Voyager M310e  The Voyager M310e is Teledyne LeCroy's comprehensive protocol analyzer - exerciser system designed for USB 2.0, USB 3.2, USB Type-C® and the latest Power Delivery 3.1 specification. The non-intrusive probing and a range of turnkey Compliance packages make the Voyager M310e the intelligent choice for USB 3.2 protocol analysis.
Voyager M3x  Teledyne LeCroy's workhorse validation platform for USB 2.0 and 3.0 verification provides 100% accurate protocol capture at data rates up to 5 Gb/s DISCONTINUED
Advisor T3  Ultra-portable SuperSpeed USB analyzer delivers market leading accuracy at an extraordinary price
Mercury T2C / T2P  The Mercury T2C / T2P USB Type-C and Power Delivery analyzers with USB 2.0 support are the smallest and most flexible hardware-based analyzer in the industry.
Mercury T2  The Mercury T2 analyzer is the industry's smallest hardware-based USB 2.0 analyzer supporting low, full and hi-speed USB signaling.

Teledyne LeCroy has developed six generations of its industry leading USB protocol verification system since the introduction of USB in 1995. Each successive generation of the Teledyne LeCroy USB analyzer family has built upon the previous knowledge and expertise. Today, Teledyne LeCroy offers a broad range of USB test systems with unprecedented functionality, accuracy and user friendliness. The enormous cost of discovering problems after a product is released far outweighs the investment in Teledyne LeCroy's de-facto standard USB analysis tools. Their use improves the speed and efficiency of the debug, test and verification for USB semiconductor, device, and software vendors. Analyzers or bus "sniffers" also play an essential role in avoiding costly interoperability problems by allowing developers to verify compliance with the USB specification.

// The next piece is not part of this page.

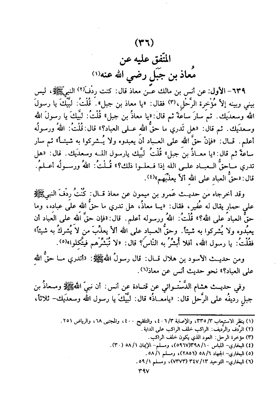 (36) الْمُتَّفق عَلَيْهِ عَن معَاذ بن جبلٍ رَضِي الله عَنهُ
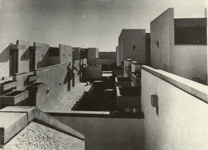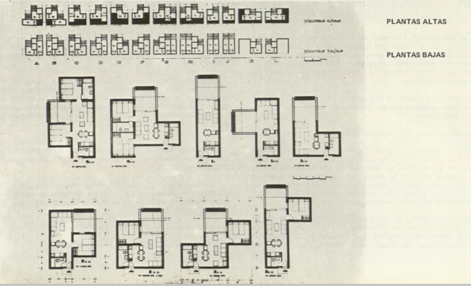 Se persiguieron dos objetivos específicos al proyectar esta agrupación, a la vista de las experiencias precedentes: conseguir una gran variedad a través de tratar la planta alta de forma diferente que la baja; y cuidar los aspectos de la escala de los espacios de acceso a los apartamentos.

Consistent with the growing popularity of digital media, the USB-IF announced USB 3.0 in late 2007 targeting 10X the current USB bandwidth by utilizing two additional high-speed differential pairs for "SuperSpeed" transfer mode. The USB 3.0 specification was released in late 2008 and commercial products began shipping in late 2009. Teledyne LeCroy has pioneered the development of verifications systems for this new technology. The only company that offers a complete line of USB 3.0 test solutions covering transmitter test to protocol test, and every step in between, Teledyne LeCroy helps developers achieve their goals of performance, quality, reliability and time-to-market for SuperSpeed technology.

USB Technology Overview:

USB, or Universal Serial Bus, is a connectivity standard that enables computer peripherals and consumer electronics to be connected to a computer without reconfiguring the system or opening the computer box to install interface cards. The USB 1.0 specification was introduced in January 1996. The original USB 1.0 specification had a data transfer rate of 12 Mbit/s The first widely used version of USB was 1.1, which was released in September 1998. It provided 12 Mbps data rate for higher-speed devices such as disk drives, and a lower 1.5 Mbps rate for low bandwidth devices such as joysticks. USB 2.0 specification was released in April 2000 and was ratified by the USB-IF at the end of 2001 to develop a higher data transfer rate, with the resulting specification achieving 480 Mbit/s

USB today provides a fast, bi-directional, low-cost, serial interface that offers easy connectivity to PCs. A hallmark for USB operation has been the ability for the host to automatically recognize devices as they are attached and install the appropriate drivers. With features such as backward compatibility with previous devices and hot "plug-ability", USB has become the de-facto standard interface for various consumer and PC peripheral devices. The USB standard allows up to 127 devices connected to a Host System. USB designates low, full, high-speed connectivity between devices compatible with the 2.0 specification. Most full speed devices include lower bandwidth mice, keyboards, printers, and joysticks. The use of high speed USB has exploded with the rapid growth in digital media in the consumer electronics market including media players, digital cameras, external storage and smart phones.

SuperSpeed USB is designator for links operating at the 5 GHz frequency and compatible with the USB 3.0 specification. SuperSpeed USB provides a high performance connection topology for applications that utilize larger files or require higher bandwidth. SuperSpeed USB is backward compatible with USB 2.0, resulting in a seamless transition process for the end user. SuperSpeed USB offers a compelling opportunity for digital imaging and media device vendors to migrate their designs to higher performance USB 3.0 capable interface.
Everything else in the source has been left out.